**INPUT RECORDS:**
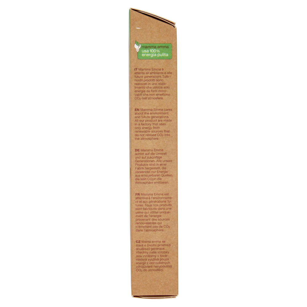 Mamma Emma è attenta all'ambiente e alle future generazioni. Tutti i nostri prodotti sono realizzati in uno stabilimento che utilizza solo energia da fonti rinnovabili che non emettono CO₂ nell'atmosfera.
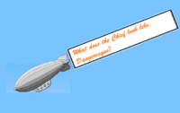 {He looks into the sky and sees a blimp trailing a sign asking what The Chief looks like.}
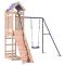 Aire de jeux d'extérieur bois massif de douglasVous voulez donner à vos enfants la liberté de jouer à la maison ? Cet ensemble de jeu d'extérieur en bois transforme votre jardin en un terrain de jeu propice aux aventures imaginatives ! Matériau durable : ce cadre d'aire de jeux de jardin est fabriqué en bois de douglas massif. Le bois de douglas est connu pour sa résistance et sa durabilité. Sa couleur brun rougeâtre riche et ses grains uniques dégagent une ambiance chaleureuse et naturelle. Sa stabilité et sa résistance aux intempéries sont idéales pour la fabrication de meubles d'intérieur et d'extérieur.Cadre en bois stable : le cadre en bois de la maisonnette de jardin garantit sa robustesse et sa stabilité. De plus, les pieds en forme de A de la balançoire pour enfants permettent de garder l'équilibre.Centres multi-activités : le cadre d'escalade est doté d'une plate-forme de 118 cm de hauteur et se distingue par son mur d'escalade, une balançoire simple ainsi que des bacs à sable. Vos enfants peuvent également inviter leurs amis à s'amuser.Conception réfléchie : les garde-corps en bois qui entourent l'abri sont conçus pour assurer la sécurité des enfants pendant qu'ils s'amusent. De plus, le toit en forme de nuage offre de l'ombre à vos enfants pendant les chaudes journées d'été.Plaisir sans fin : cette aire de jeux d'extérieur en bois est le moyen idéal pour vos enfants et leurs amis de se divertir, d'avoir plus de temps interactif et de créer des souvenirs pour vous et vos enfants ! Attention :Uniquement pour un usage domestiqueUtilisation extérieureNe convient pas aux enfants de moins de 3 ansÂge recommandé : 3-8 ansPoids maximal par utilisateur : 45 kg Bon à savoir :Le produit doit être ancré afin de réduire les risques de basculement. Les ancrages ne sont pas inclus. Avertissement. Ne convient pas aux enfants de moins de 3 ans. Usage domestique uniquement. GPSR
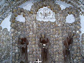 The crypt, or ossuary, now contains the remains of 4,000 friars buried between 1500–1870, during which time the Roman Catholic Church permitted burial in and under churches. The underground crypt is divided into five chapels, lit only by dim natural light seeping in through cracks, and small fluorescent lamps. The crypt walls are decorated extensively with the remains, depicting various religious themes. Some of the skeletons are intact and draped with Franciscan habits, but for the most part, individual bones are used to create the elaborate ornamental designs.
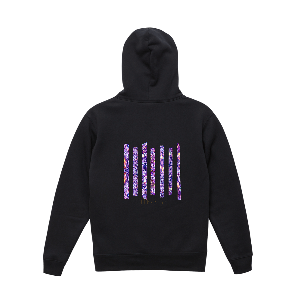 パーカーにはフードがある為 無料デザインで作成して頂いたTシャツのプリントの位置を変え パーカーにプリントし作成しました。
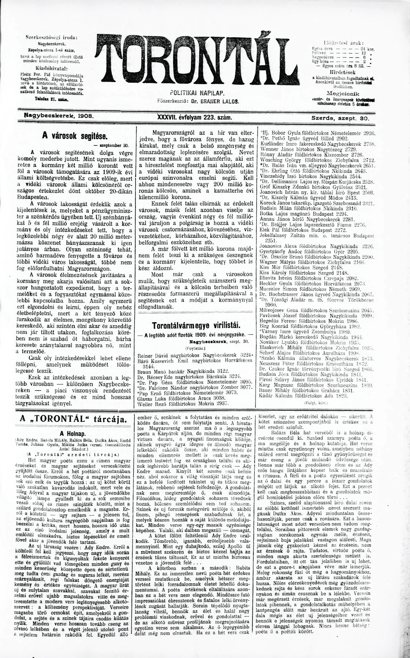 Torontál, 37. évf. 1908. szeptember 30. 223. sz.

**PROBLEM TO WORK ON:** Return every record exactly. Pictures stay out.

**REPLY TO THE TASK:**
 Mamma Emma è attenta all'ambiente e alle future generazioni. Tutti i nostri prodotti sono realizzati in uno stabilimento che utilizza solo energia da fonti rinnovabili che non emettono CO₂ nell'atmosfera.
 {He looks into the sky and sees a blimp trailing a sign asking what The Chief looks like.}
 Aire de jeux d'extérieur bois massif de douglasVous voulez donner à vos enfants la liberté de jouer à la maison ? Cet ensemble de jeu d'extérieur en bois transforme votre jardin en un terrain de jeu propice aux aventures imaginatives ! Matériau durable : ce cadre d'aire de jeux de jardin est fabriqué en bois de douglas massif. Le bois de douglas est connu pour sa résistance et sa durabilité. Sa couleur brun rougeâtre riche et ses grains uniques dégagent une ambiance chaleureuse et naturelle. Sa stabilité et sa résistance aux intempéries sont idéales pour la fabrication de meubles d'intérieur et d'extérieur.Cadre en bois stable : le cadre en bois de la maisonnette de jardin garantit sa robustesse et sa stabilité. De plus, les pieds en forme de A de la balançoire pour enfants permettent de garder l'équilibre.Centres multi-activités : le cadre d'escalade est doté d'une plate-forme de 118 cm de hauteur et se distingue par son mur d'escalade, une balançoire simple ainsi que des bacs à sable. Vos enfants peuvent également inviter leurs amis à s'amuser.Conception réfléchie : les garde-corps en bois qui entourent l'abri sont conçus pour assurer la sécurité des enfants pendant qu'ils s'amusent. De plus, le toit en forme de nuage offre de l'ombre à vos enfants pendant les chaudes journées d'été.Plaisir sans fin : cette aire de jeux d'extérieur en bois est le moyen idéal pour vos enfants et leurs amis de se divertir, d'avoir plus de temps interactif et de créer des souvenirs pour vous et vos enfants ! Attention :Uniquement pour un usage domestiqueUtilisation extérieureNe convient pas aux enfants de moins de 3 ansÂge recommandé : 3-8 ansPoids maximal par utilisateur : 45 kg Bon à savoir :Le produit doit être ancré afin de réduire les risques de basculement. Les ancrages ne sont pas inclus. Avertissement. Ne convient pas aux enfants de moins de 3 ans. Usage domestique uniquement. GPSR
 The crypt, or ossuary, now contains the remains of 4,000 friars buried between 1500–1870, during which time the Roman Catholic Church permitted burial in and under churches. The underground crypt is divided into five chapels, lit only by dim natural light seeping in through cracks, and small fluorescent lamps. The crypt walls are decorated extensively with the remains, depicting various religious themes. Some of the skeletons are intact and draped with Franciscan habits, but for the most part, individual bones are used to create the elaborate ornamental designs.
 パーカーにはフードがある為 無料デザインで作成して頂いたTシャツのプリントの位置を変え パーカーにプリントし作成しました。
 Torontál, 37. évf. 1908. szeptember 30. 223. sz.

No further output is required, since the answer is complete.